Full time SWE positions, billion dollar companies looking to automate some low level assistants. They were even willing to allocate a decent amount of budget for inference infra. You're right with data scientists not being able to code but the demand and hype is real. This was n

u/michaelnovati replied ·
Oh yeah there are a ton of actual ML jobs too! Like actual Machine Learning engineers which is also different from SWE. As you said, almost every big company is building out inference infra too which needs a bunch of SWEs to help setup and integrate into the broader infrastructure, in addition to ML people for fine tuning and all that stuff. I just don't see the demand for full stack generalist SWEs requiring Gen AI skills for any of these jobs. I see: ML engineers, Data Scientists, Generalist SWE, Prompt Engineer

u/rashaniquah wrote (the comment Michael replied to):

> I just don't see the demand for full stack generalist SWEs requiring Gen AI skills for any of these jobs. I just started seeing this trend about 2 months ago. Basically a generalist with a bunch of LLMs that can replace a whole team of engineers.

u/michaelnovati replied ·
Which companies? I'm not seeing this through discussions with people at Meta, Google, Salesforce, Palantir, Stripe, Amazon, Netflix, Microsoft, Adobe, Databricks, Figma, Dropbox, Uber, Lyft, NVIDIA, Apple, Shopify, Square, and that's all I can think of right now. Many of these are using AI to help engineers be more productive, like searching the codebase and QA. But none of them are hiring generalist/full stack SWE roles requiring Gen AI. If they are being the typical engineer this way, send me firsthand sources.

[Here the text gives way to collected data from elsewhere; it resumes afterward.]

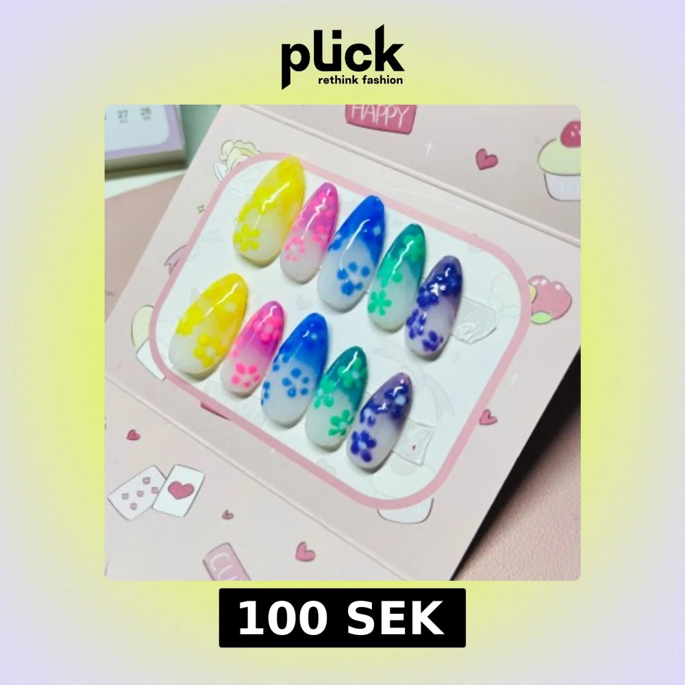 Set med 10 st långa, mandelformade lösnaglar i plast. Naglarna har ombre-effekt i gult, rosa, blått, grönt och lila med söta blommor i matchande färger. Perfekt för dig som vill ha en lekfull och färgstark look på naglarna.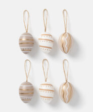 Този пакет от 6 шарени яйца на райета предлага всичко необходимо, за да освежите дома, колата или офиса си. Изработени от пластмаса, тези шарми са леки, издръжливи и напълно безопасни за деца и домашни любимци. Всяко от шестте яйца е с ярки цветове, а компактният им размер ги прави идеални за окачване навсякъде, където искате да добавите нотка пролетен чар.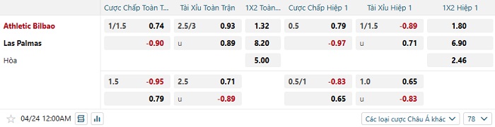 Tip kèo bóng đá trận Bilbao vs Las Palmas – 00h00 ngày 24/04/2025 VĐQG Tây Ban Nha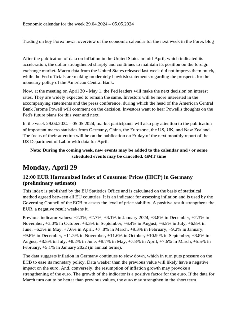 Economic calendar for the week 29.04.2024 05.05.2024 PDF Euro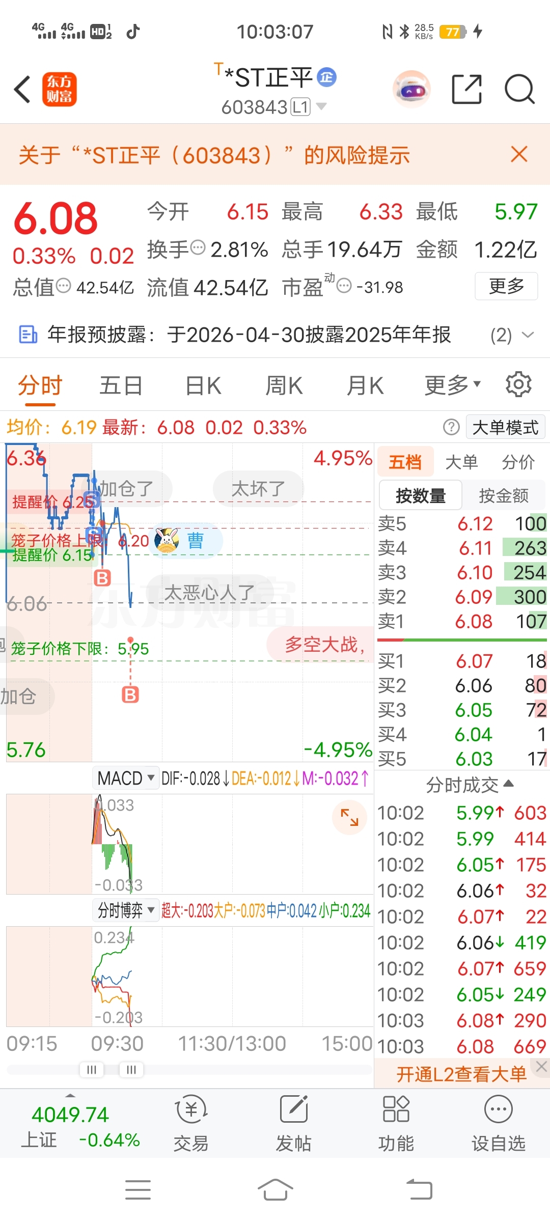 $*ST正平(SH603843)$ 你有本事跌停,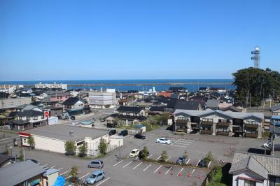この日、店内は空いていたが窓側席は先客あり。新潟空港で食事をする場合はチェックしておきたい食事処の一つ。- 旅行時期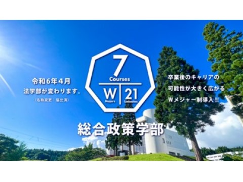 2024年4月から、法学部が総合政策学部に名称を変更しました。同時に、学生の興味・関心に合わせて学べる環境を整えました。入学時は学部一括募集とし、学科・コースの選択は2年次から。そして2学科・7コースから2つのコースを選択できるWメジャー制も導入。1年次はじっくり進むべき方向性を探り、2年次からは2つの専門性を身に付けることができるカリキュラムとなっています。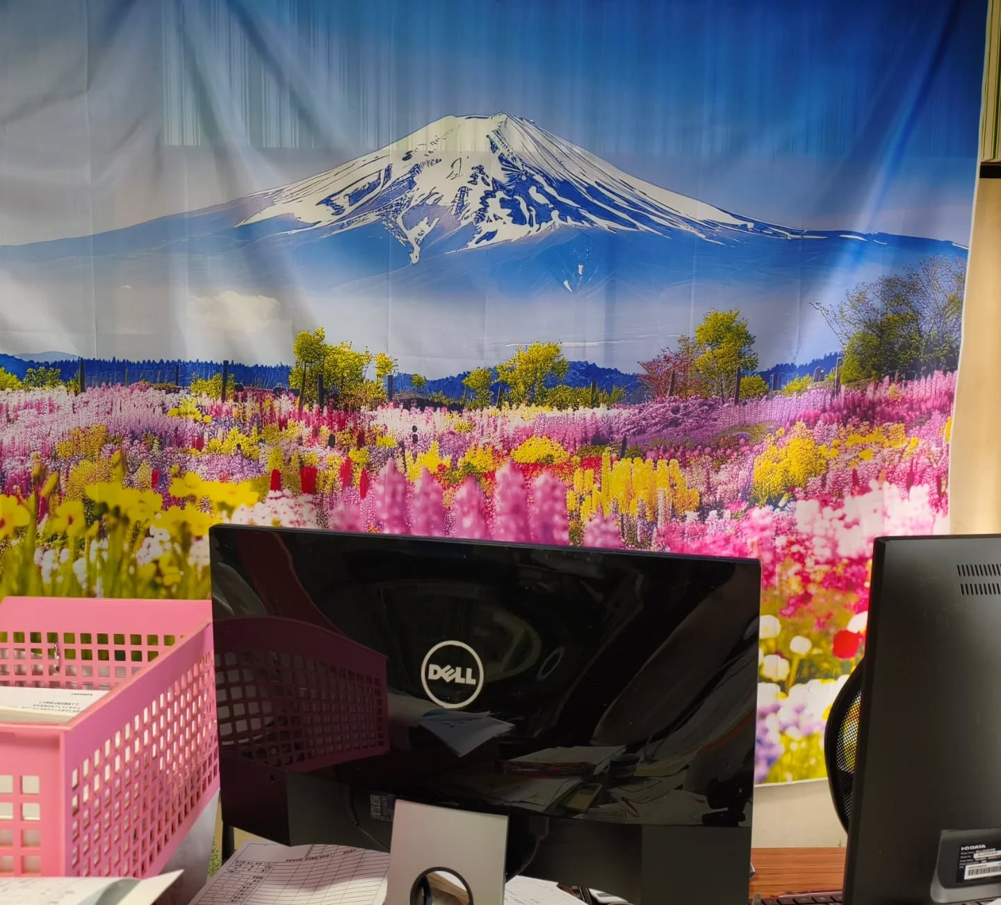 古びた襖を隠すように 大好きな富士山を目の前にして事務作業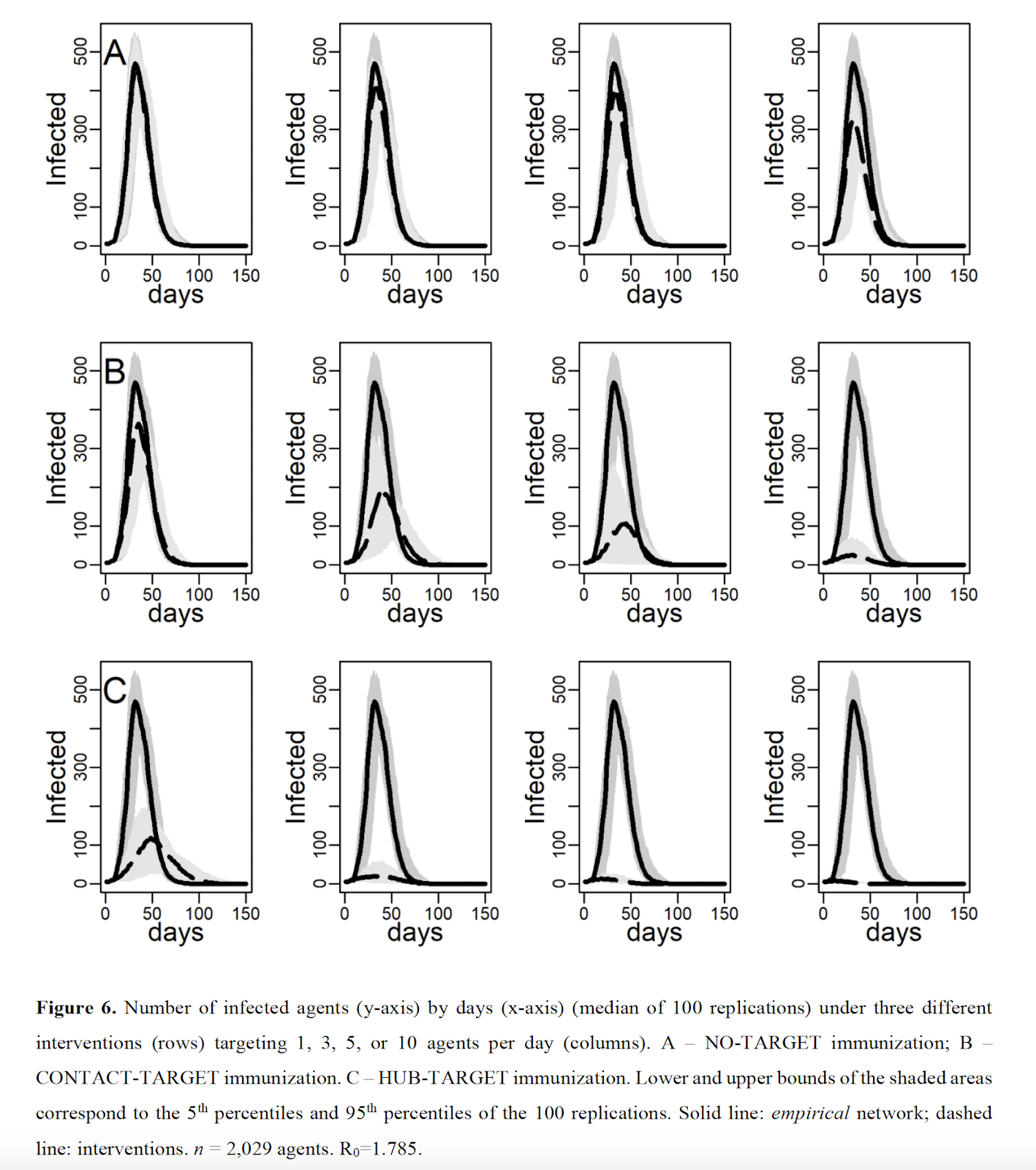 The simulation is run multiple times for each of the three treatment strategies, using four different “budgets” that determine the number of individuals to be treated on each scenario. The results are presented here, and they are dramatic. Both contact-sensitive strategies of treatment result in substantial reduction in the total number of individuals infect over the course of 50, 100, and 150 days. And this in turn translates into substantial reduction of the number of ICU beds required on each strategy.
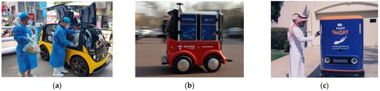 Initially, mobile robots were widely used in high-risk areas in industrial and military industries. Unmanned Aerial Vehicles (UAVs) [] and Autonomous Underwater Vehicles (AUVs) [] have gradually become the essential backbone of national armies due to their lower cost of use, easy logistical support, and lower safety risk factor. Rail-Guided Vehicles (RGVs) [] and Automated Guided Vehicles (AGV) [] are becoming an indispensable part of the automation industry chain in the industrial field due to their advantages of simple and convenient operation, strong autonomy, and high work efficiency. With the rise of Industry 4.0 and emerging technologies, mobile robots are playing an important role in search and rescue [], cargo transportation [], unmanned services [], geological exploration, and cultural entertainment []. Advances in autonomous navigation technology for mobile robots have made it possible to build unmanned delivery networks on the ground. The unmanned delivery robot developed by JD entered the road test phase in 2016 and will be put into operation soon. The technology makes it possible to achieve a large-scale and contactless delivery service of goods during an epidemic to meet the livelihood needs of a large number of consumers who are unable to travel, as shown in Figure 1. Currently, unmanned delivery robots are still severely limited in urban areas, especially in heavy and congested traffic environments. A significant portion of delivery robots are limited to areas with more fixed environments, such as campuses and communities. This still does not take advantage of unmanned delivery robots to replace people in the current epidemic environment for efficient, fast, and contactless delivery services. Therefore, the reasonable construction of unmanned distribution networks, the large-scale application of mobile robots for efficient cargo transportation, and the solution of the problem of “the last mile of cargo delivery” will bring great convenience to consumers.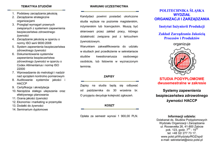 TEMATYKA STUDIÓW 1. Podstawy zarządzania jakością 2. Zarządzanie strategiczne organizacjami 3. Przegląd wymagań prawnych związanych z systemem zapewnienia bezpieczeństwa zdrowotnego żywności 4. Zarządzanie jakością w oparciu o normy ISO serii 9000:2008 5. System zapewnienia bezpieczeństwa zdrowotnego żywności 6. Dokumentowanie systemów zapewnienia bezpieczeństwa zdrowotnego żywności w oparciu o Codex Allimentarius i normę ISO 22000 7. Wprowadzenie do metrologii i nadzór nad sprzętem kontrolno pomiarowym 8. Auditowanie systemów jakości i HACCP 9. Certyfikacja i akredytacja 10. Narzędzia stałego ulepszania oraz efektywnego planowania 11. Ocena jakości żywności 12. Ekonomia i marketing w przemyśle 13. Dodatki do żywności 14. Seminarium dyplomowe WARUNKI UCZESTNICTWA Kandydaci powinni posiadać ukończone studia wyższe na poziomie magisterskim, inżynierskim lub licencjackim. Muszą być skierowani przez zakład pracy, którego działalność związana jest z łańcuchem żywnościowym. Warunkiem zakwalifikowania do udziału POLITECHNIKA ŚLĄSKA WYDZIAŁ ORGANIZACJI I ZARZĄDZANIA Instytut Inżynierii Produkcji Zakład Zarządzania Jakością Procesów i Produktów organizuje w studiach jest przedłożenie w sekretariacie studiów kwestionariusza osobowego osobiście, lub listownie w wyznaczonym terminie. ZAPISY Zapisy od na studia października będą do 30 się odbywać września br. O przyjęciu decyduje kolejność zgłoszeń. STUDIA PODYPLOMOWE dwusemestralne w zakresie Systemy zapewnienia bezpieczeństwa zdrowotnego żywności HACCP KOSZT Opłata za semestr wynosi 1 900,00 PLN. Informacji udziela: Dziekanat ds. Studiów Podyplomowych Wydziału Organizacji i Zarządzania ul. Roosevelta 26, 41-800 Zabrze pok. 123, godz. 700 - 1500 tel: +48 32/ 277 73 17, www.polsl.pl/Wydzialy/ROZ/spd/ e-mail: [email protected] CELE I ZADANIA STUDIÓW PODYPLOMOWYCH Studia mają na celu przekazanie praktycznej wiedzy w zakresie zarządzania bezpieczeństwem zdrowotnym żywności w przedsiębiorstwach wytwórczych, usługowych i handlowych oraz zakładach przetwarzających żywność. Uczestnicy po ukończeniu studiów nabędą niezbędną wiedzę teoretyczną i praktyczną pozwalającą na budowę i doskonalenie indywidualnych systemów zapewnienia bezpieczeństwa żywności zgodnego z wymaganiami ustawy z dnia 11 maja 2001r o warunkach zdrowotnych żywności i żywienia opartych o wymagania zawarte w normie ISO 22000:2006 oraz Codex Alimentarius. Uczestnicy posiądą również wiedzę na temat wymagań zawartych w International Food Standard (IFS) i British Retail Consortium (BRC) Szczególnego znaczenia nabierają systemy zapewnienia bezpieczeństwa zdrowotnego żywności w odniesieniu do małych i średnich firm, których działalność musi być dostosowana do wymogów sanitarnych obowiązujących w UE. Obserwuje się duże zainteresowanie w tym zakresie, zważywszy, że jedynie kilka z polskich uczelni prowadzi studia obejmujące zagadnienia zarządzania bezpieczeństwem żywności. Studia mają przygotować uczestników do budowy, wdrażania, oceny i utrzymywania systemów zapewnienia bezpieczeństwa zdrowotnego w odniesieniu do żywności (HACCP) wg. międzynarodowych standardów. UCZESTNICY STUDIÓW Studia podyplomowe kierowane są dla kadry kierowniczej oraz wszystkich osób, odpowiedzialnych w przedsiębiorstwach za procesy związane z bezpiecznym wytwarzaniem i dystrybucją żywności. DODATKOWE KWALIFIKACJE Absolwenci poza Świadectwem Ukończenia Studiów Podyplomowych mogą uzyskać certyfikat Auditora wewnętrznego systemu zapewnienia bezpieczeństwa zdrowotnego żywności lub zintegrowanego systemu zarządzania jakością i bezpieczeństwa zdrowotnego żywności HACCP wydane przez SGS Polska Sp. z o.o. Warunkiem jest zdanie egzaminu, wniesienie opłaty za egzamin i spełnienie wymagań jednostki certyfikującej. ORGANIZACJA STUDIÓW Studia trwają 2 semestry i obejmują 220 godzin dydaktycznych. Zajęcia odbywają się dwa razy w miesiącu, w piątki (od 16.00 do 20.00) i soboty (od 9 do 17.00) oraz wybrane niedziele (od 9 do 17.00) na Wydziale Organizacji i Zarządzania w Zabrzu. RADA PROGRAMOWA Dr hab. Paweł Szewczyk prof. zw. w Pol. Śląskiej, Dr inż. Jerzy Ścierski Politechnika Śląska, i Zarządzania Wydz. Organizacji Dr inż. Mariusz Ligarski Politechnika Śląska, Wydz. i Zarządzania Organizacji KIEROWNIK STUDIÓW Dr inż. Jerzy Ścierski Politechnika Śląska, Wydz. Organizacji i Zarządzania.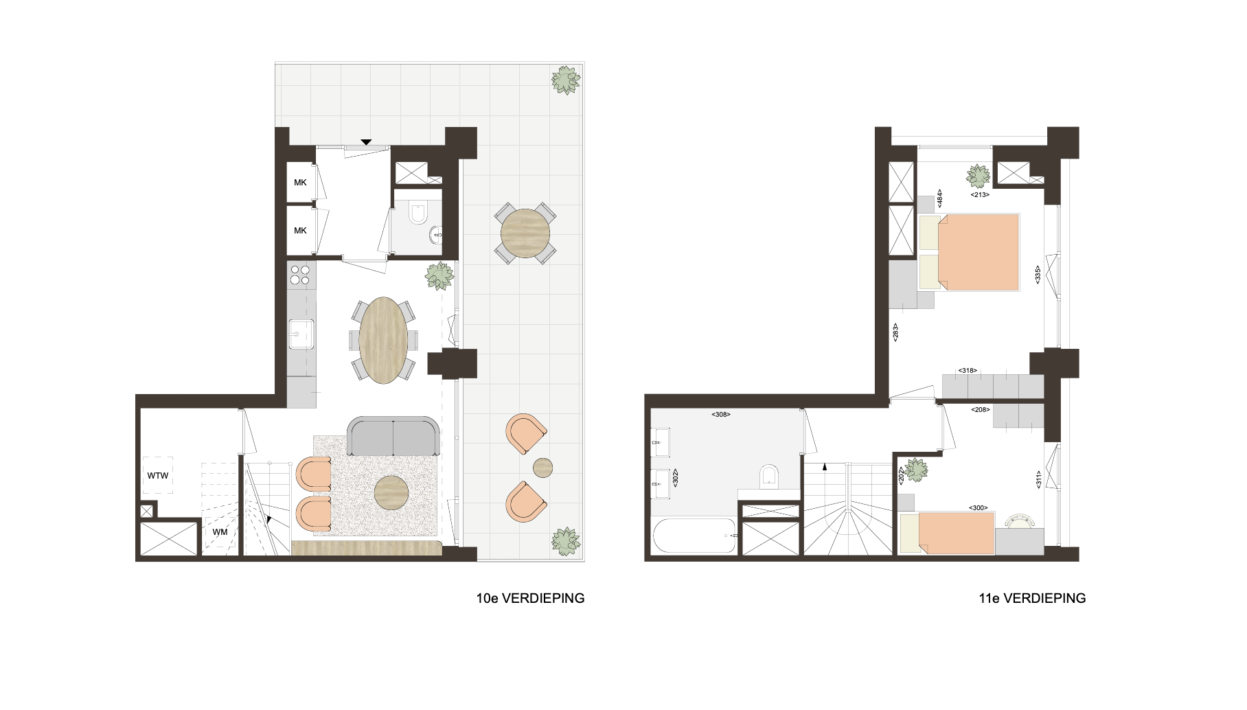 De Cix-terrasappartementen bieden het beste van twee werelden. De sfeer van wonen in een appartement, gecombineerd met de ruimte en het gemak van een compleet woonhuis. Deze woningen zijn verdeeld over twee woonlagen en beschikken over drie of vier kamers. Zo ontstaat extra ruimte en een duidelijke scheiding tussen wonen en slapen. Bovenal voelt het als royaal en overzichtelijk wonen.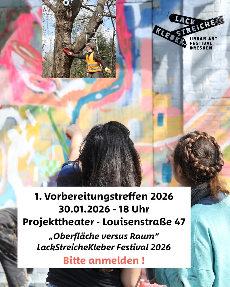 Am 30.1.2026 findet das 1. Vorbereitungstreffen zum 8. LackStreicheKleber - Urban Art Festival Dresden statt. 2026 steht unter dem Titel „Oberfläche versus Raum“ Was damit gemeint ist, wann das Festival stattfinden soll, welche Aktionen geplant sind und wie ihr euch beteiligen könnt erfahrt ihr beim Treffen.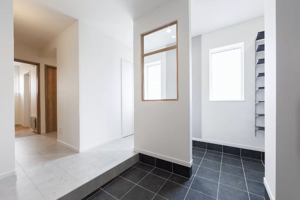 玄関横の大容量のシューズクロークは、玄関とホールの2Way動線で出入りもスムーズ。靴はもちろん趣味の道具や季節用品も収納しやすく、毎日の出入りが快適です。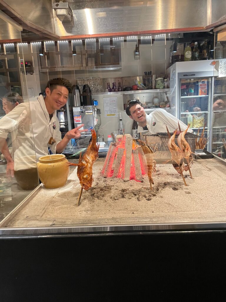 すし屋さんと言ってもメニューにあるのは寿しだけではありません。炉端焼きやら肉料理やらとメニューは盛沢山です。カウンター席の前に広がる厨房の真ん中には囲炉裏があって豪快にキンキや車エビを焼いていました。これを見るだけで食べたくなるのはお店の戦略でしょう。カメラを向けるとお店のお兄ちゃんが軽いノリでポーズをとってくれました。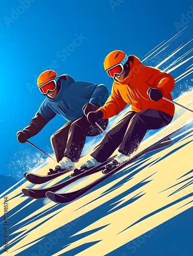 Dynamische Ski-Illustration mit zwei Skifahrern in leuchtenden Farben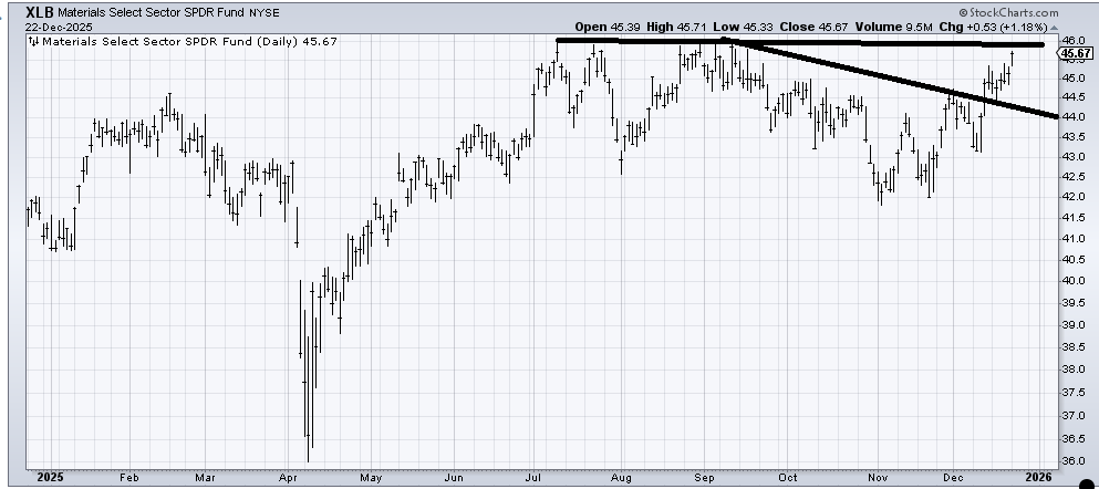 Away from all of that, my old friend XLB has caught some fire—a very small one, maybe with only twigs, no yule logs here! —and now finds itself up against some serious resistance at 46. This is one group no one even talks about, and has basically been a big fat nothing all year. I would love to see a breakout.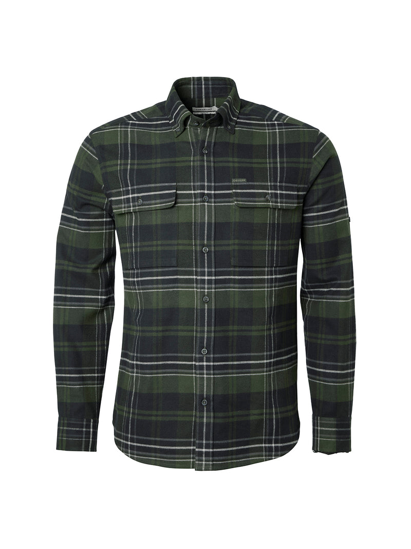 Heron Flannel Shirt Men är en skjorta tillverkad i en kraftig, lätt borstad flanell av ekologisk bomull. Passformen är vår Regular Fit, vilken är en rak modell som har veck i ryggen som ger extra volym. Heron Flanellskjorta har två bröstfickor med lock och bälg, utanpåliggande knappslå och knappar i hornimitation. Heron har också en ”Butchers Button” en smart knapp på ärmens övre del och ett extra knapphål på manschetten så att ärmen enkelt kan fästas upp vid behov.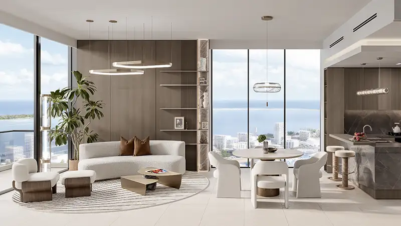- Premium apartments and penthouses, designed to echo the sails of Dubai’s maritime past while embracing the sleek geometry of modern architecture.
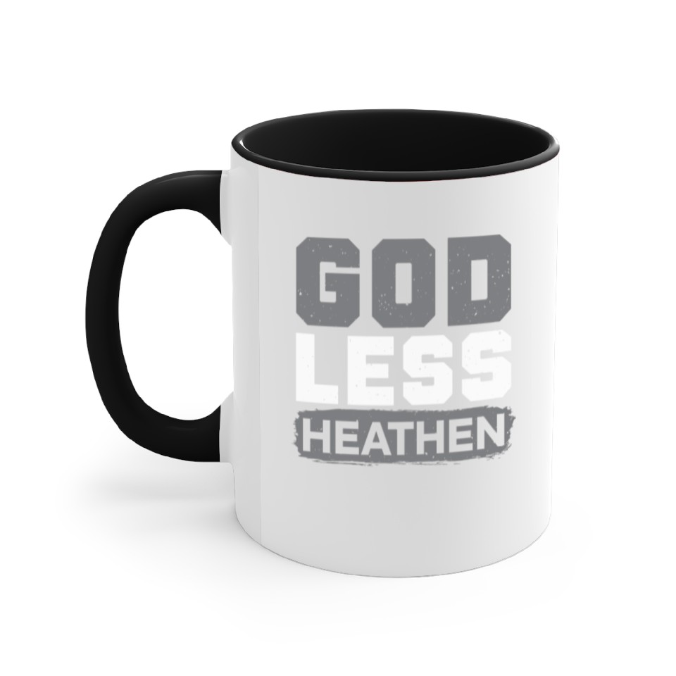 You are shopping for a stunning and trendy product Godless Heathen Anti-Religion Agnostic Atheist Accent Mugs For Black belong theme Accent Mugs at Printblur

u/rashaniquah wrote (the comment Michael replied to):

That's big tech. They have already released a few genAI products because their engineers are probably already competent enough to work with genAI. I was specifically talking about billion dollar companies with 100+ headcount, there's tons of them. Some of them aren't even tech re

u/michaelnovati replied ·
Ah yeah, ok we were talking different things. Yeah absolutely get what you are talking about. I think that is also a different type of engineer that is new and not yet defined. Like the "shopify developer" rush during COVID when businesses moved online, or the Web3/crypto rush that happened when Crypto spiked pre-COVID. During this period of transition to AI (especially in non-tech fields) there will be a lot of one-off jobs that eventually become real/stable new roles. I think that's the exciting thing about AI, we'll see how it all settles. Before it settles, all the power to you to find ways to have impact and help companies and build up stronger intuition about how to glue these things together.